Startling Photos Capture Myanmar's $31 Billion Jade Mining Industry

A look at the jade-rich hills of Kachin, where everyone's digging for the single stone that will make them rich.

The rolling hills of Kachin state in northern Myanmar hold the finest jade in all the world. The best stones command hundreds of thousands of dollars per ounce, and mining companies scour the landscape in search of them. They leave behind great heaps of waste that scavengers pick through, hoping to find a rock that will change their lives.

“They all come with one dream to strike it rich,” says Minzayar Oo, who grew up in Myanmar and spent the past four years documenting the industry for his series The Price of Jade. “It’s a dream that only rarely comes true, but still for that they will push as hard as they can and risk everything.”

Myanmar produces nearly 70 percent of the world's jadeite. A ceasefire in a decades-long war against ethnic forces gave the government increased control of the jade mines in 1994. It awarded lucrative mining contracts to military leaders, their cronies and Chinese and Wa companies that extract some 30,000 tons---worth up to $31 billion---each year. That represents half of the country's gross domestic product, but very little of it reaches the people of Myanmar, 25 percent of whom live in extreme poverty. “The Burmese want an imperium where what’s mine is mine and what’s yours is mine,” says a US economist who works closely with officials in Myanmar and did not want to be named for fear of jeopardizing sensitive relationships. “They take over land. They take over resources, and don’t necessarily leave very much for the locals. And that’s not OK with the locals.”

When the National League for Democracy led by Aung San Suu Kyi assumed power last year, it placed a moratorium on issuing mining licenses until the government crafted a more equitable system for awarding them. Licensed miners redoubled their extraction efforts, and one company unearthed a 200-ton stone worth an estimated $170 million.
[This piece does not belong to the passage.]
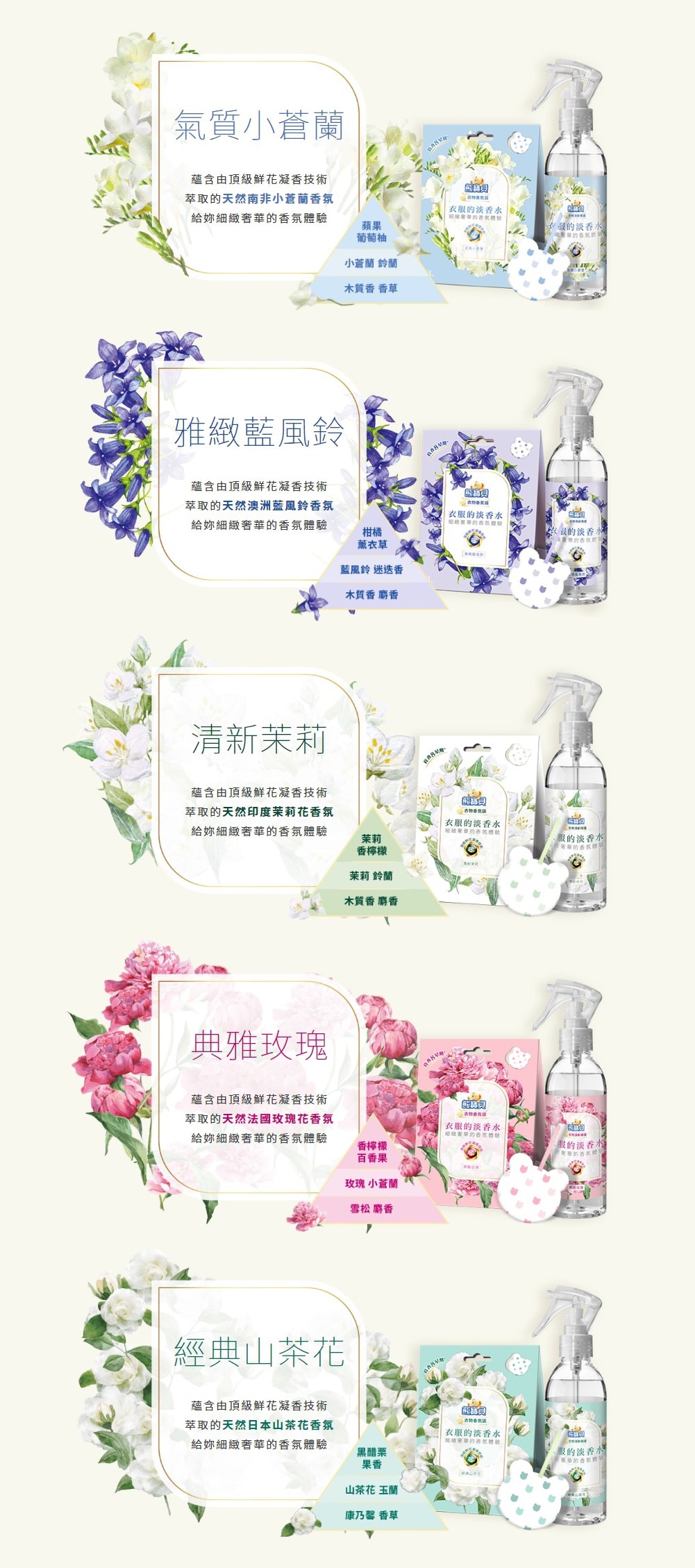 - 靈感來自高級訂製香水,由國際香氛專家精心調製,蘊含天然香氛精油,呈現如香水般具豐富層次感的奢華香調,仿若在衣物上噴了淡香水;特含「頂級鮮花凝香技術」,在鮮花綻放的瞬間凝粹馥郁芬芳,杜絕異味並讓衣服持久散發迷人淡香,更添個人自信與魅力風采

Oo grew up in Yangon in southern Myanmar, and first visited the mines four years ago on assignment with Reuters. The pockmarked, lunar landscape shocked him, as did the miners clinging, pick in hand, to steep hillsides. "Only later did I realize that these are huge piles of waste," he says. "They’re not natural at all. It’s all manmade." Oo returned to Kachin five times with support from Global Witness and the Natural Resource Governance Institute.

He focused on the illegal miners, who work alone or in small teams run by a local boss. They squat on vacant mining sites or sift through enormous waste piles at all hours. They work under the constant threat of landslides and raids from soldiers guarding the sites. Many of them shoot heroin, which is cheap and easily available. “It's widely accepted in Kachin state that wherever there is a mine, there is also a drug place," he says. "You see people in the early morning half-asleep, walking around with needles in their arms, or eating noodles with a syringe on their ear, just like you'd put a cigarette." *The Price of Jade *is a stunning window into that world.

Global Witness's short film Jade and the Generals, filmed by Minzayar Oo, is released today.